Check Point Software also cited a figure that nearly 70% of cyber security leaders said emerging GenAI risks require significant changes to existing cyber security approaches.

It argued that traditional security controls do not reliably recognise AI-specific traffic and workflows. It pointed to Model Context Protocols and Retrieval-Augmented Generation patterns as areas where existing tools can lack visibility.

It also cited a survey by Lakera that it said found 49% of organisations reported high levels of concern about their current vulnerabilities.

Nvidia Collaboration

Check Point Software referred to a recent collaboration with Nvidia. It described the work as an example of security integration alongside AI infrastructure rather than bolted on after deployment.

It argued that security integrations often introduce a "performance tax". It said security leaders and infrastructure leaders now face pressure to limit latency and preserve compute capacity in production environments.

Offload Approach

Check Point Software set out an approach that it said relies on offloading certain security processing to dedicated infrastructure components.

It said deep packet inspection and runtime monitoring can consume CPU and GPU resources. It said an alternative approach uses Nvidia DOCA Argus telemetry and moves security processing to the BlueField DPU.

The company said this model allows for monitoring and workload isolation while preserving GPU capacity for training and inference workloads.

Agentic Layer

Check Point Software also pointed to changes in application design as organisations move beyond chat interfaces. It said "Agentic AI" that interacts with enterprise systems increases the attack surface.

It described a model that uses insights from an AI red-team platform and applies them through a web application firewall for runtime protection of large language model inputs and outputs.
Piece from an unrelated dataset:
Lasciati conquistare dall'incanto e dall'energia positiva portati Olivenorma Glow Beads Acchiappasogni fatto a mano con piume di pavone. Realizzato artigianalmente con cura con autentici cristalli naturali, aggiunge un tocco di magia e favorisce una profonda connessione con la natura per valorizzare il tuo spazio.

The company listed prompt injection, jailbreaking and LLM poisoning among the threats it said security teams aim to block at the source.

User Governance

Check Point Software also described a user layer focused on employee adoption of GenAI tools and associated compliance requirements. It said organisations face pressure to maintain audit trails and manage regulatory exposure.

It also pointed to data leakage risks. It said real-time data loss prevention aims to reduce the likelihood that proprietary code or customer data appears in public model training sets.

Leadership Focus

Check Point Software said the separation between infrastructure purchasing and later-stage security coverage no longer fits the scale of AI deployments. It called for joint planning between CIO-led infrastructure functions and security leadership.
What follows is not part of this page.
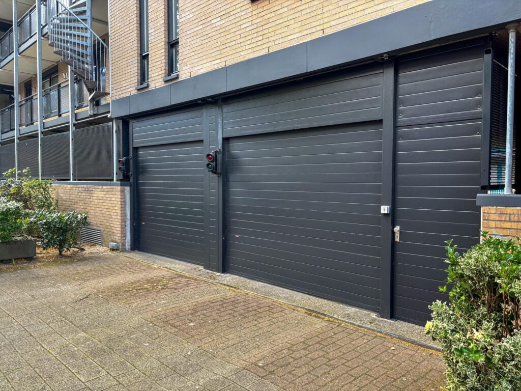 De parkeergarage is toegankelijk via een elektrische overheaddeur.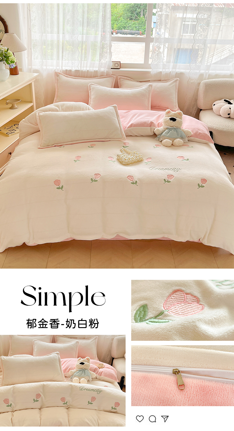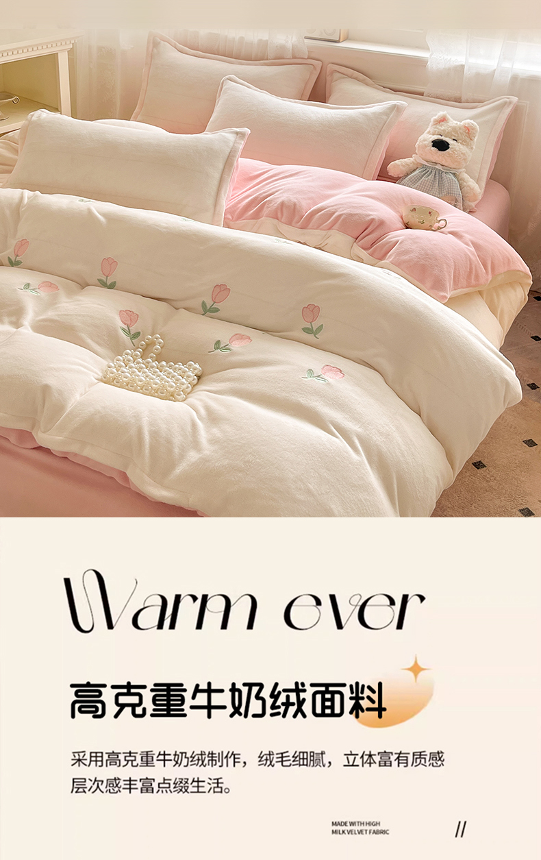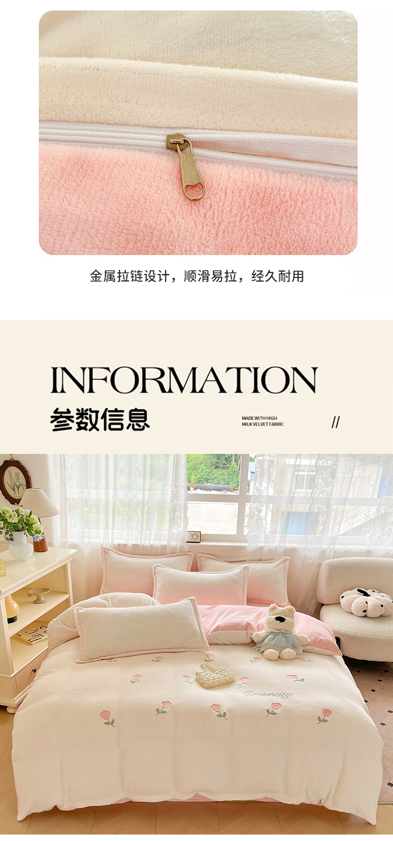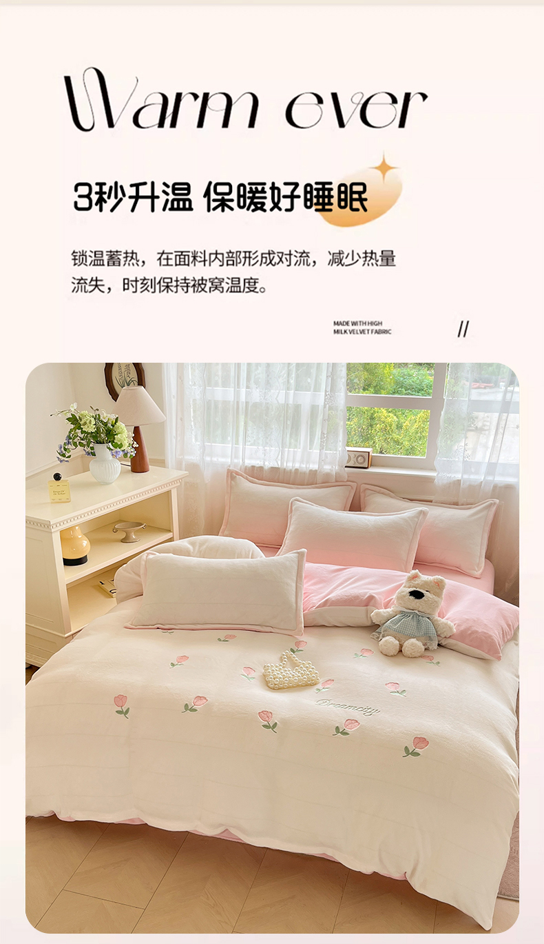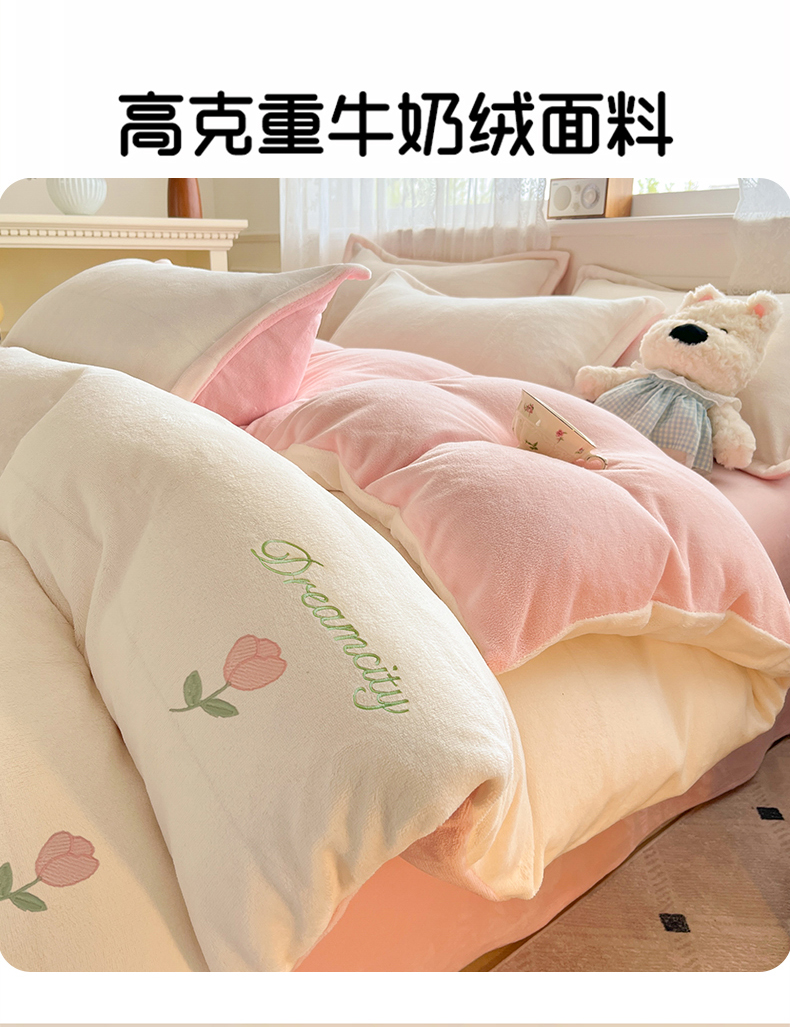 伊梵居2025新款加厚贴布绣牛奶绒四件套 郁金香-奶白粉

It said leadership should focus on three pillars: visibility, isolation and performance. It described telemetry as central to visibility, including identification of shadow GenAI usage and unauthorised servers. It described micro-segmentation as central to isolation and limiting lateral movement between sensitive workloads. It described DPU integration as central to performance, with security scaling in line with AI traffic without introducing latency.